Signifying “beginnings and transitions,” he’s depicted with two faces — one looking to the past and the other to the future. The month of January was of course named for this deity, and that’s why Morella, the former Republican congresswoman from Maryland, said it was the perfect time to confront an issue that both haunts her history and looms ahead for all of American politics: the state of the campaign finance system.

Morella was one of more than a half dozen current or former members of Congress gathered for a Brookings summit on campaign finance reform, there to tell horror stories about how the system presently works and offer potential fixes. Among other things, the politicians gave testimony to how much raising money can be a distraction from governing.

The most striking remarks came from New York Rep. Steve Israel, a member of the House Democratic leadership, who says he’s declining to seek re-election over “a fund-raising regime that’s never been more dangerous to our democracy.” He said he’s most happy to be giving up “call time,” the process of phoning people for campaign donations, to which he claims to have devoted 4,200 hours.

“It was tantamount to looking at my schedule and seeing, ‘from 1 to 3, waterboarding,'” Israel said. He also compared the process to selling stocks on Wall Street, with the need to “always be closing.” He said the experience took up so much time that it often conflicted with his duties as a representative.

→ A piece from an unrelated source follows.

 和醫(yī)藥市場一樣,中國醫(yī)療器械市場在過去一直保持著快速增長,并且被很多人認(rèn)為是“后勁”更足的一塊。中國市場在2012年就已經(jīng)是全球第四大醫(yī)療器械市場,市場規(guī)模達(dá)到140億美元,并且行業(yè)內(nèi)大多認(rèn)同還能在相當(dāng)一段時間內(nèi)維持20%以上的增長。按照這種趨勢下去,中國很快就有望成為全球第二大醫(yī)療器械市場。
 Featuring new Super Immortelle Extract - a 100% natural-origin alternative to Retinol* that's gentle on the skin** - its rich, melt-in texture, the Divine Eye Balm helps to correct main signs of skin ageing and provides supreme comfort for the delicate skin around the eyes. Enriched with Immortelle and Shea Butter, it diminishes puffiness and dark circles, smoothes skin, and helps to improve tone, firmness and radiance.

“When votes are called and you’re in the middle of call time, it becomes an impediment,” he said.

Democrat Tim Wirth, a former U.S. senator from Colorado, agreed. “It’s really corroding of who you are,” he said.

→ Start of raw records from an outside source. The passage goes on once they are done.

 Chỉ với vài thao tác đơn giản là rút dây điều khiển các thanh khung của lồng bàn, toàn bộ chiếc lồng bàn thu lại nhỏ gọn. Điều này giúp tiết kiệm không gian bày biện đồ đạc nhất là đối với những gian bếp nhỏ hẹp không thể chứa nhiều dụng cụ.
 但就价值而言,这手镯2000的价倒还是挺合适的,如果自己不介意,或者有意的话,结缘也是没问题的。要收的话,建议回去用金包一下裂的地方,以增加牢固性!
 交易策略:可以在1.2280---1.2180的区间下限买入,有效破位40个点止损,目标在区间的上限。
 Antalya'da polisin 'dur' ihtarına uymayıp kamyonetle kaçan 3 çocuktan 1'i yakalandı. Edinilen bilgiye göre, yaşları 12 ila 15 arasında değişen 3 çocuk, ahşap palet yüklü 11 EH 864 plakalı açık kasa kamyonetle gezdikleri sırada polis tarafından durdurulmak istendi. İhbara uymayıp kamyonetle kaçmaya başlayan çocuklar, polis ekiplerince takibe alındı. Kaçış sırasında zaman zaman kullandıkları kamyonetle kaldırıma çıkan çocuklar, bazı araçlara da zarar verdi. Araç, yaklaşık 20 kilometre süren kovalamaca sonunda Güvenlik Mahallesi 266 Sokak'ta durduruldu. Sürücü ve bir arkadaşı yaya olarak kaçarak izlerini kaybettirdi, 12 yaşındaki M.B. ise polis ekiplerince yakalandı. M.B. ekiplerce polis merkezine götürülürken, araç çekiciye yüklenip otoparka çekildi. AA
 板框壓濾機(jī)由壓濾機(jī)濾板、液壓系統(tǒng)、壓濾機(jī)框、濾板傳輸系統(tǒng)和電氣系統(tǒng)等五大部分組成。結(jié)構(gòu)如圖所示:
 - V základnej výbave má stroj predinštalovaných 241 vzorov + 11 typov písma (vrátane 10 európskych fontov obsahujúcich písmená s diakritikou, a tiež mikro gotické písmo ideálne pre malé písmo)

In addition to the powerful interests who have lined up against campaign finance reform, Maryland Rep. John Sarbanes said another challenge is galvanizing the American people around the issue. The Democrat said that when voters read stories about money in politics their eyes glaze over, because coverage focuses on fights between faceless super PACs or billionaire donors.

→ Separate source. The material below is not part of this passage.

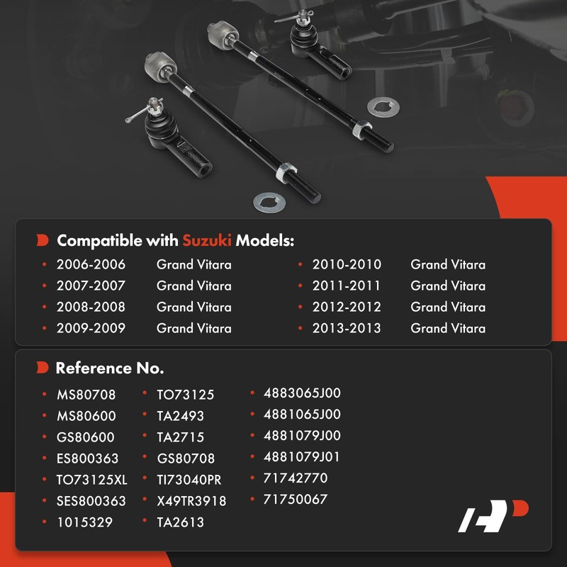 A-Premium Set of 4, Front Inner Outer Tie Rod End Kit, Compatible with Suzuki Grand Vitara 2006-2013

“You’re not interested in that. You don’t see yourself in the story,” he said. Instead, Sarbanes told activists to focus on the human angle of the issue, including Americans who want to run for office but can’t do so because they don’t have huge amounts of money.

Asked by InsideSources about resistance to reform in Congress, he said members worry voters “will somehow tag them as being hypocritical” since they’re all participants in the current system. “What I tell them, based on my experience, is the public is very capable of distinguishing between a current broken system … and the aspirations that we have to go change the system,” he said.

Another speaker with a message to activists was Zephyr Teachout, the Fordham University law professor and 2014 Democratic gubernatorial candidate in New York. “Your job is just to stop saying things can’t happen,” she said. “You have to stop being pundits and start being patriots.”